Beijing Advanced Innovation Center for Tree Breeding by Molecular Design, Beijing Forestry University, Beijing, 100083, China.
Center for Computational Biology, College of Biological Sciences and Technology, Beijing Forestry University, Beijing, 100083, China.
Plant J. 2019 Aug;99(4):796-806. doi: 10.1111/tpj.14355. Epub 2019 May 25.
Despite its critical importance to our understanding of plant growth and adaptation, the question of how environment-induced plastic response is affected genetically remains elusive. Previous studies have shown that the reaction norm of an organism across environmental index obeys the allometrical scaling law of part-whole relationships. The implementation of this phenomenon into functional mapping can characterize how quantitative trait loci (QTLs) modulate the phenotypic plasticity of complex traits to heterogeneous environments. Here, we assemble functional mapping and allometry theory through Lokta-Volterra ordinary differential equations (LVODE) into an R-based computing platform, np QTL, aimed to map and visualize phenotypic plasticity QTLs. Based on LVODE parameters, np QTL constructs a bidirectional, signed and weighted network of QTL-QTL epistasis, whose emergent properties reflect the ecological mechanisms for genotype-environment interactions over any range of environmental change. The utility of np QTL was validated by comprehending the genetic architecture of phenotypic plasticity via the reanalysis of published plant height data involving 3502 recombinant inbred lines of maize planted in multiple discrete environments. np QTL also provides a tool for constructing a predictive model of phenotypic responses in extreme environments relative to the median environment.

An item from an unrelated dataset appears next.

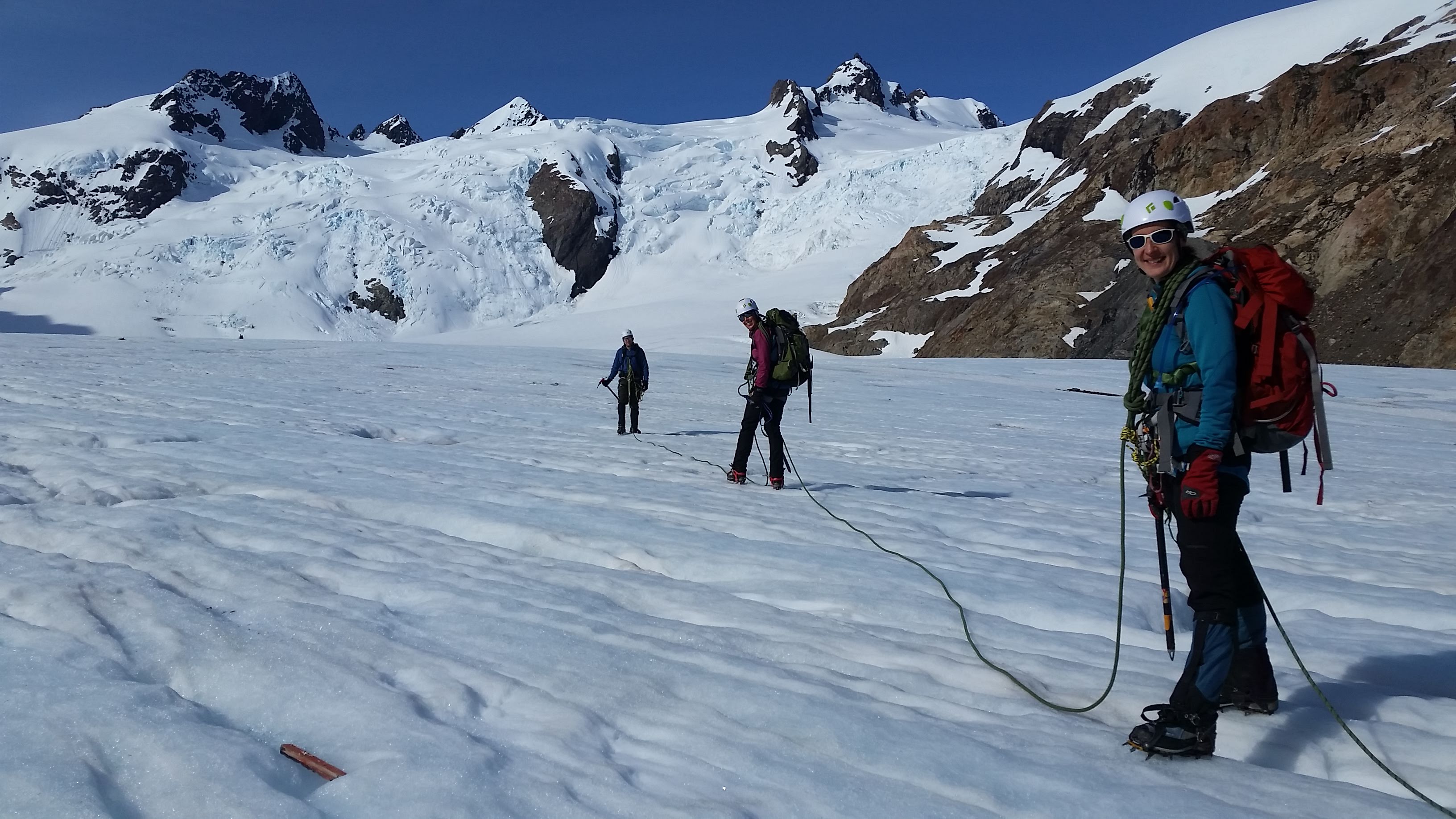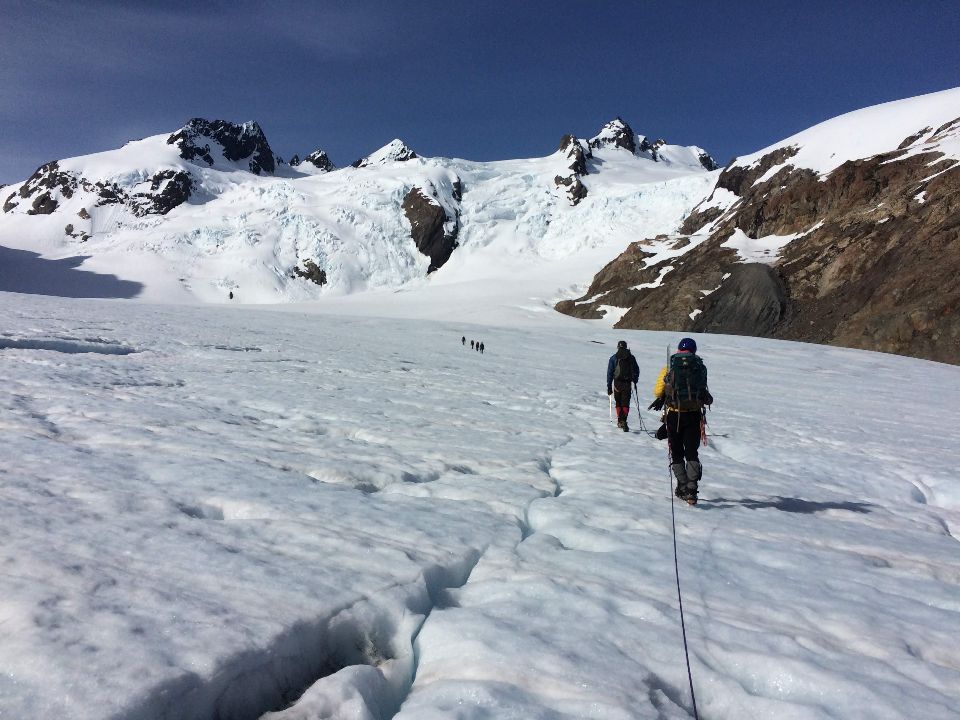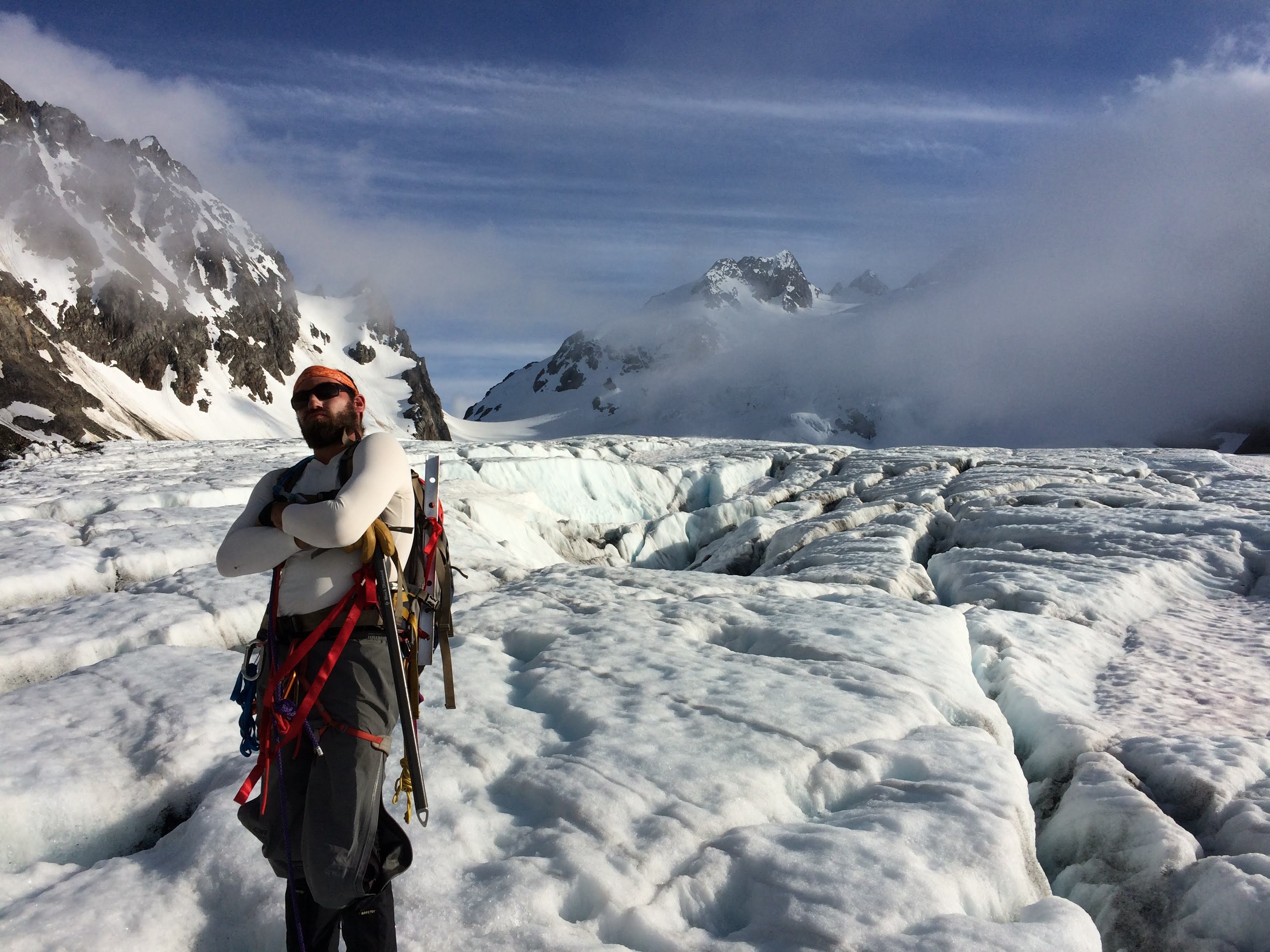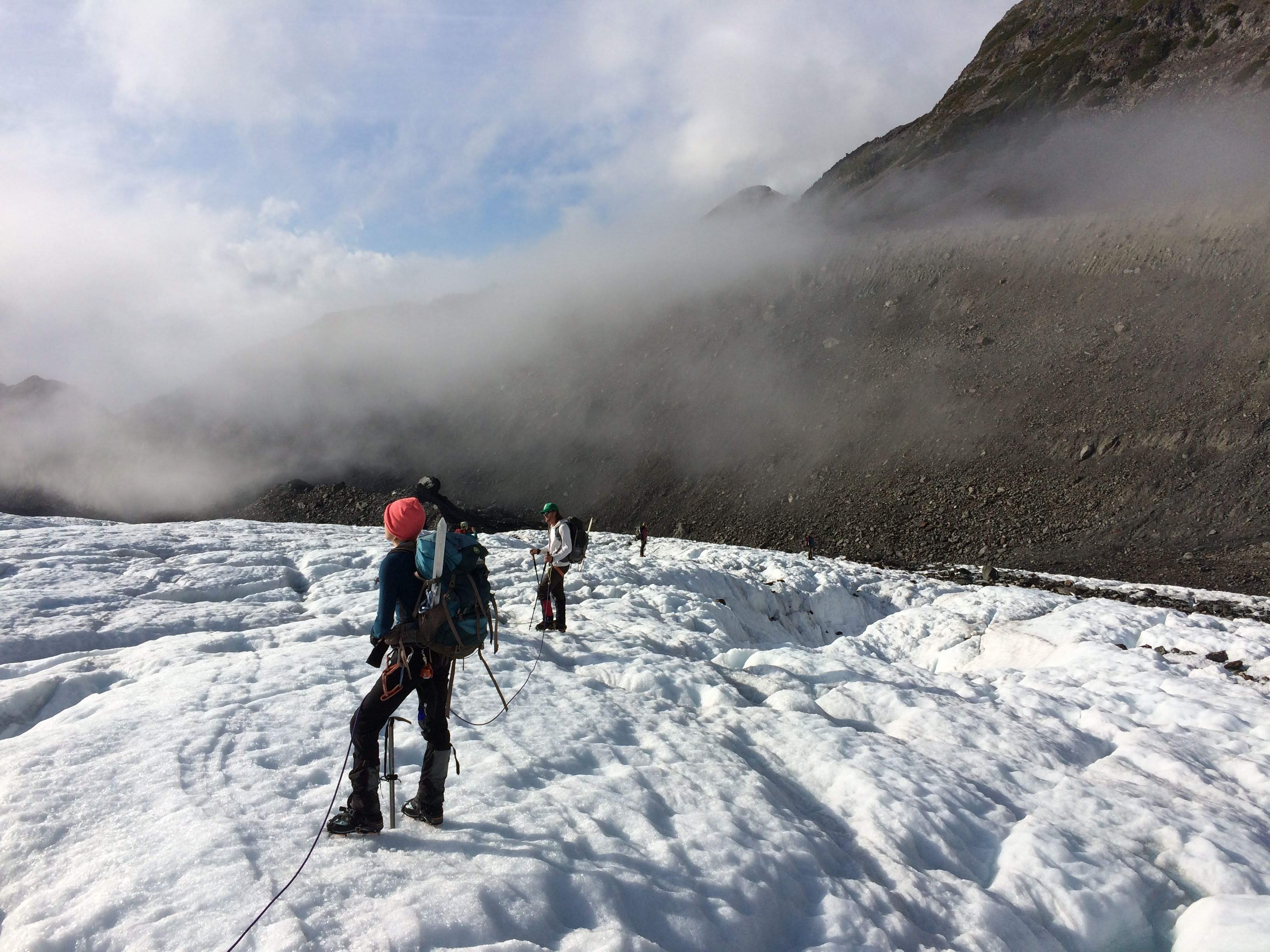 With most glaciers (and this was no exception), the first few steps onto the glacier are the hardest - the glacier is in it’s worst state of melt with lots of small crevasses and the like. Usually it’s pretty short lived, but it was probably a quarter mile of this type of challenging terrain before we were on sold glacier again.
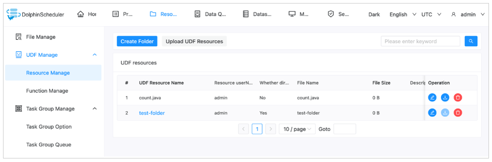 Đảm bảo các job script được tải lên từ Amazon S3 có sẵn trong DolphinScheduler Resource Center

尽管环境诱导的可塑性反应的遗传影响问题对于我们理解植物生长和适应至关重要,但仍未得到解决。先前的研究表明,生物体在环境指数上的反应规范遵循部分-整体关系的异速缩放定律。将这一现象应用于功能映射可以描述数量性状位点(QTL)如何调节复杂性状对异质环境的表型可塑性。在这里,我们通过 Lokta-Volterra 常微分方程(LVODE)将功能映射和异速生长理论集成到一个基于 R 的计算平台 np QTL 中,旨在对表型可塑性 QTL 进行映射和可视化。基于 LVODE 参数,np QTL 构建了一个双向、有符号和加权的 QTL-QTL 上位性网络,其涌现的性质反映了基因型-环境相互作用的生态机制,适用于任何范围的环境变化。np QTL 的有效性通过重新分析涉及在多个离散环境中种植的 3502 个重组自交系的已发表的株高数据来理解表型可塑性的遗传结构得到了验证。np QTL 还提供了一种构建相对于中值环境的极端环境下表型响应预测模型的工具。